Exercise aim =
Return the lines that run from the line containing "Der Zugriff aus" through the end of the entries, both ends included. Leave out all pictures.

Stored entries
= = = = = = =
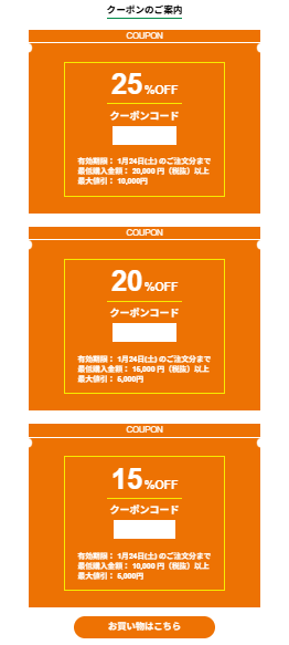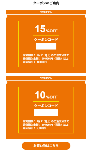 クーポンは1万円以上購入で使えることが多いです。配送料が無料になる12,000円(税抜)以上の注文でクーポンを使うととてもお得。
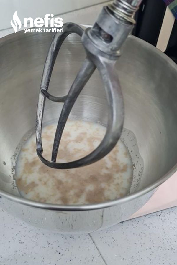 1. Öncelikle ılık sütü, suyu, şekeri, tuzu ve mayayı bir kapta biraz bekletelim.
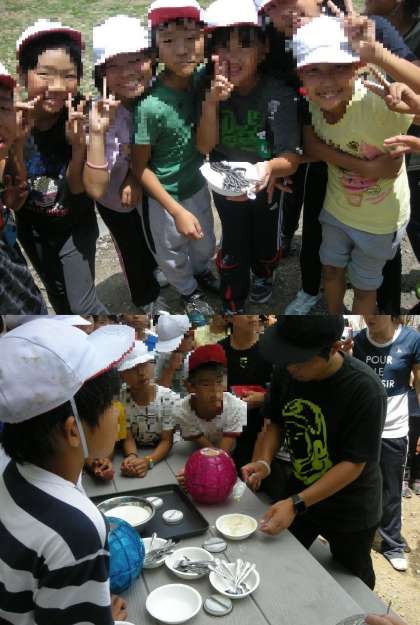 「アイスクリームの作り方を初めて知った。」「冷たくて、美味しい!」など、色々な感想を話しながら、楽しいそうに手作りのアイスクリームを食べていました。
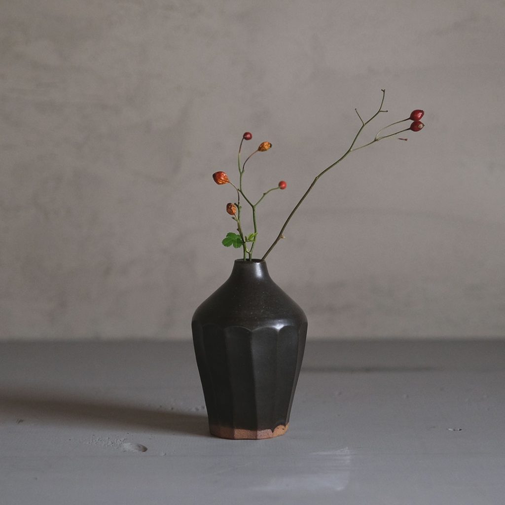 花入/黒唐津マット釉/面取り
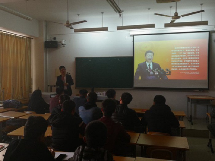 2018年11月29日下午16:00,在笃行楼b区205教室,经济管理学院2018级学生干部“让青春插上理想的翅膀”主题理想信念教育继续开讲,思政部金艳教授为学生们做了主题为“做一个什么样的人”的讲座,讲座由经管学院党总...
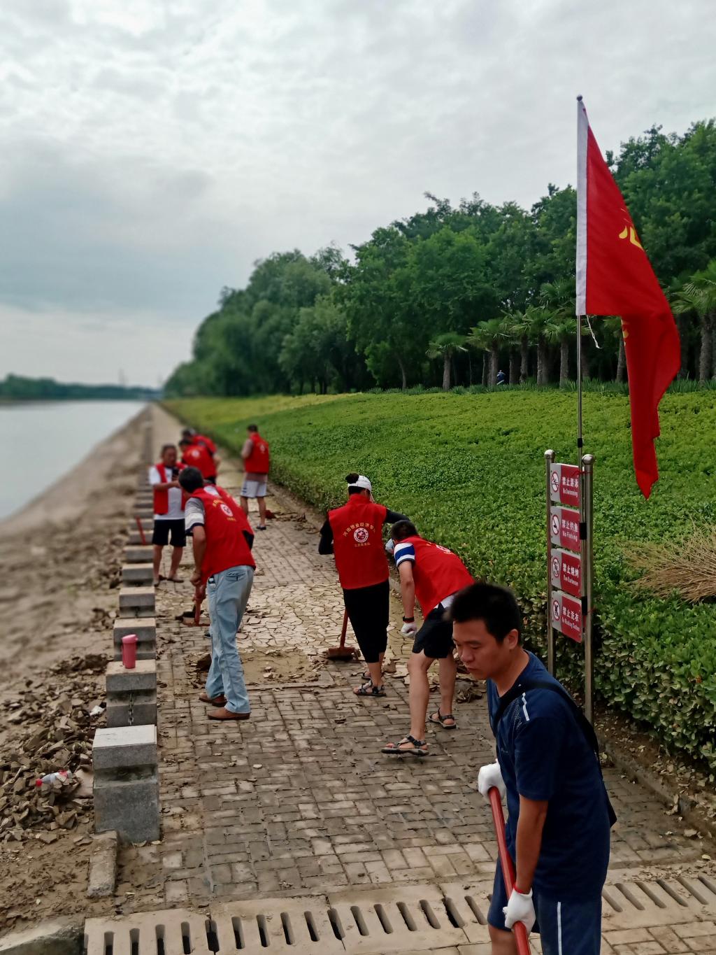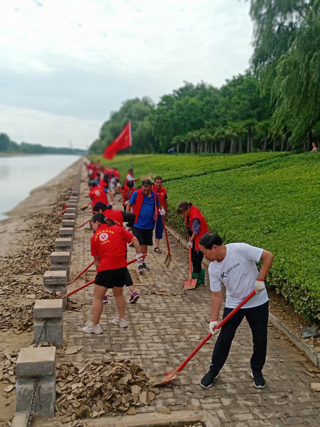 活动过程中,志愿者顶着炎热,团结协作,顾不上淤泥沾满鞋子,汗水湿透衣背。他们手持铁锹将一块块淤泥清运,虽然辛苦,却没有一人放慢脚步,他们用实际行动诠释了“奉献、友爱、互助、进步”的志愿者精神。经过连续两个小时的“梳妆洗脸”,共清理步道长约1000米。高高飘扬的志愿者旗帜,热火朝天的清淤场景,成为了魏河边一道美丽的风景线。
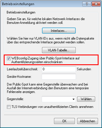 Der Zugriff aus einem Public Spot-Netzwerk auf die Konfiguration eines Public Spots (WEBconfig) sollte aus Sicherheitsgründen immer ausgeschlossen sein. Mit einem speziellen Schalter besteht die Möglichkeit, den Zugang über Public Spot-Interfaces auf die Public Spot-Authentisierungsseiten zu reduzieren und automatisch alle anderen Konfigurationsprotokolle zu sperren.
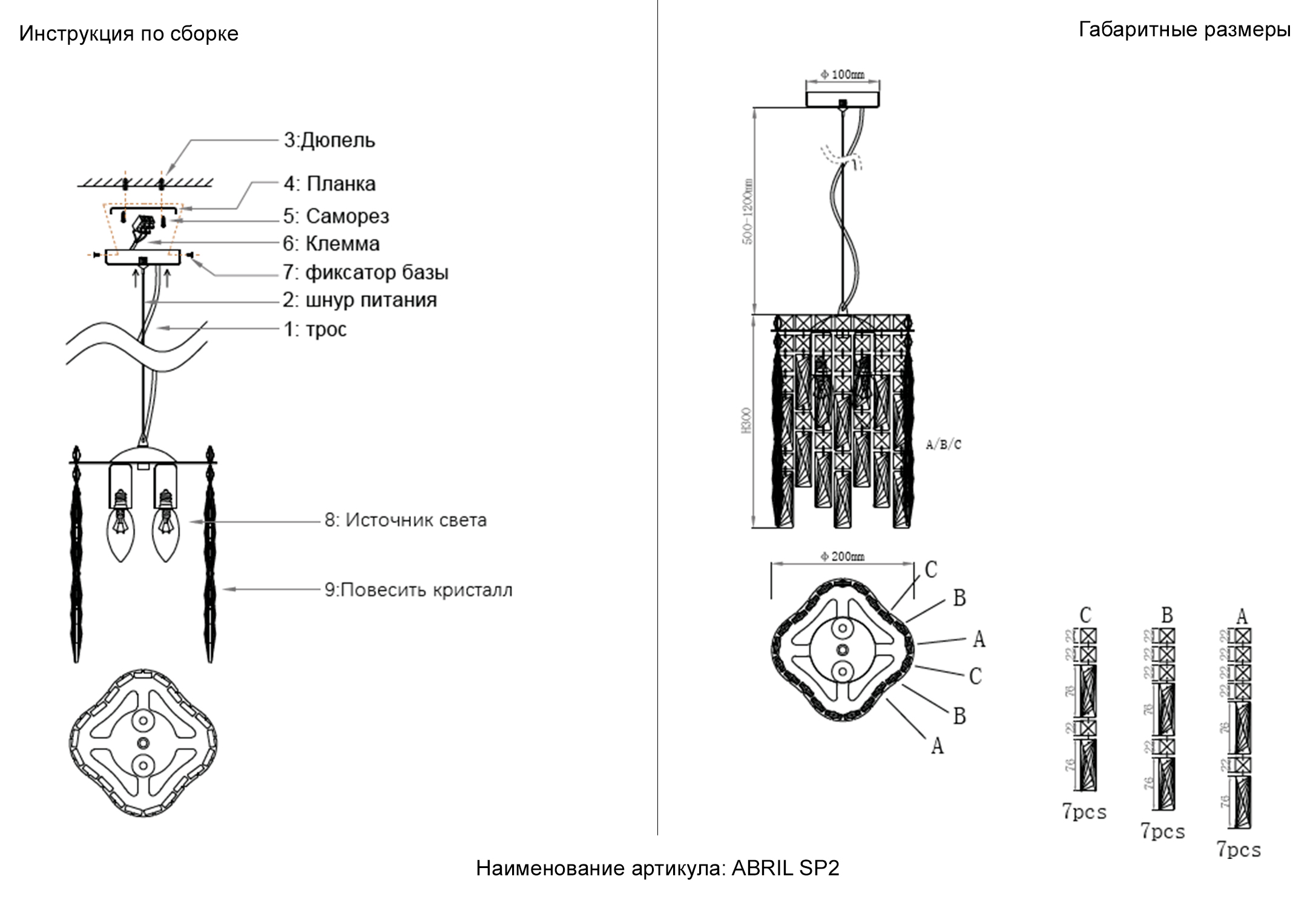 - Материал плафонов: Хрусталь
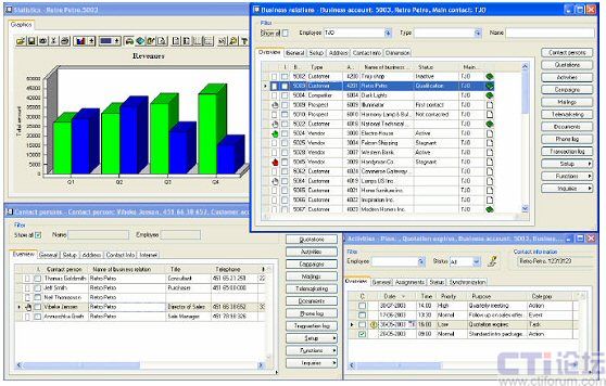 銷(xiāo)售和市場(chǎng)管理能夠在一個(gè)位置上收集企業(yè)的所有商務(wù)信息,通過(guò)結(jié)構(gòu)化方式對(duì)其進(jìn)行組織并使其隨時(shí)處于可用狀態(tài)。這種產(chǎn)品為企業(yè)提供了確定客戶(hù)需求以及優(yōu)化銷(xiāo)售與推廣決策所必需的洞察力。系統(tǒng)允許企業(yè)高效共享來(lái)自商務(wù)關(guān)系中各個(gè)方面的信息,并使每一名員工都成為真正的客戶(hù)專(zhuān)家。
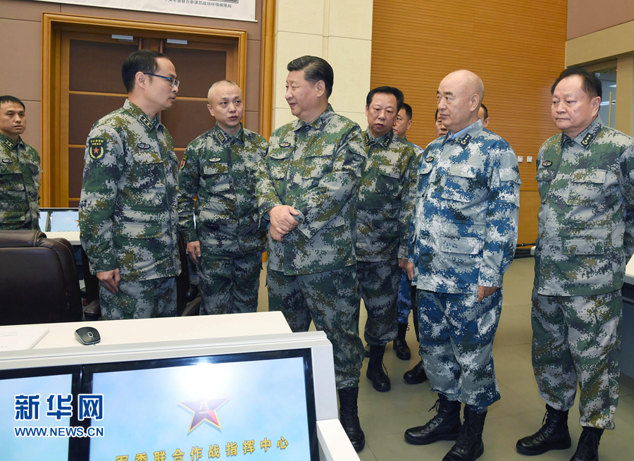 11月3日,中共中央总书记、国家主席、中央军委主席、军委联指总指挥习近平视察军委联合作战指挥中心,表明新一届军委贯彻落实党的十九大精神、推动全军各项工作向能打仗、打胜仗聚焦的鲜明态度。这是习近平察看了解中心值班备战情况。新华社记者 李刚 摄
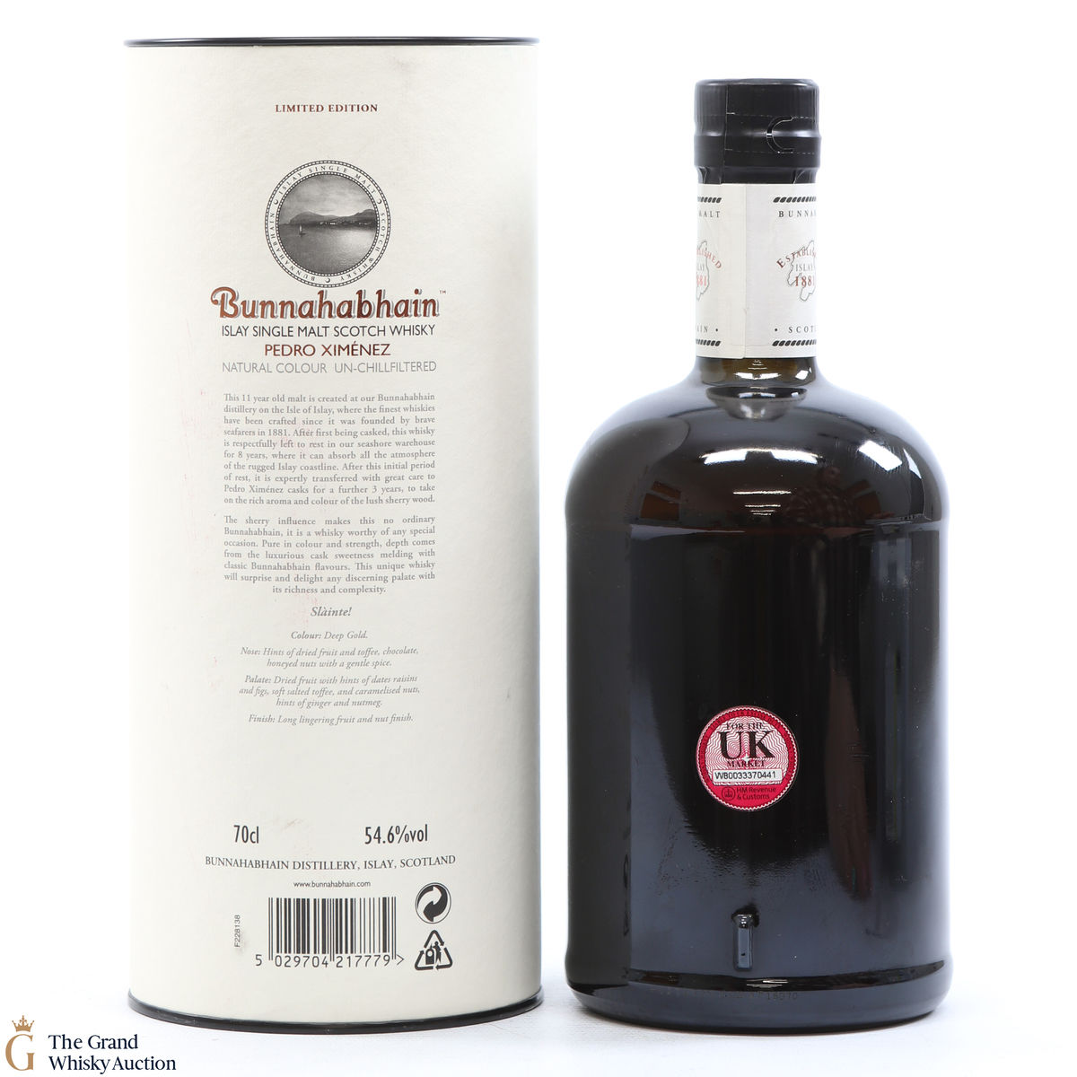 A limited-edition bottling from the Bunnahabhain distillery on the north-east coast of Islay. This is a 11 year old single malt was aged in a Pedro Ximenez cask.
= = = = = = =
Result of the exercise =
 Der Zugriff aus einem Public Spot-Netzwerk auf die Konfiguration eines Public Spots (WEBconfig) sollte aus Sicherheitsgründen immer ausgeschlossen sein. Mit einem speziellen Schalter besteht die Möglichkeit, den Zugang über Public Spot-Interfaces auf die Public Spot-Authentisierungsseiten zu reduzieren und automatisch alle anderen Konfigurationsprotokolle zu sperren.
 - Материал плафонов: Хрусталь
 銷(xiāo)售和市場(chǎng)管理能夠在一個(gè)位置上收集企業(yè)的所有商務(wù)信息,通過(guò)結(jié)構(gòu)化方式對(duì)其進(jìn)行組織并使其隨時(shí)處于可用狀態(tài)。這種產(chǎn)品為企業(yè)提供了確定客戶(hù)需求以及優(yōu)化銷(xiāo)售與推廣決策所必需的洞察力。系統(tǒng)允許企業(yè)高效共享來(lái)自商務(wù)關(guān)系中各個(gè)方面的信息,并使每一名員工都成為真正的客戶(hù)專(zhuān)家。
 11月3日,中共中央总书记、国家主席、中央军委主席、军委联指总指挥习近平视察军委联合作战指挥中心,表明新一届军委贯彻落实党的十九大精神、推动全军各项工作向能打仗、打胜仗聚焦的鲜明态度。这是习近平察看了解中心值班备战情况。新华社记者 李刚 摄
 A limited-edition bottling from the Bunnahabhain distillery on the north-east coast of Islay. This is a 11 year old single malt was aged in a Pedro Ximenez cask.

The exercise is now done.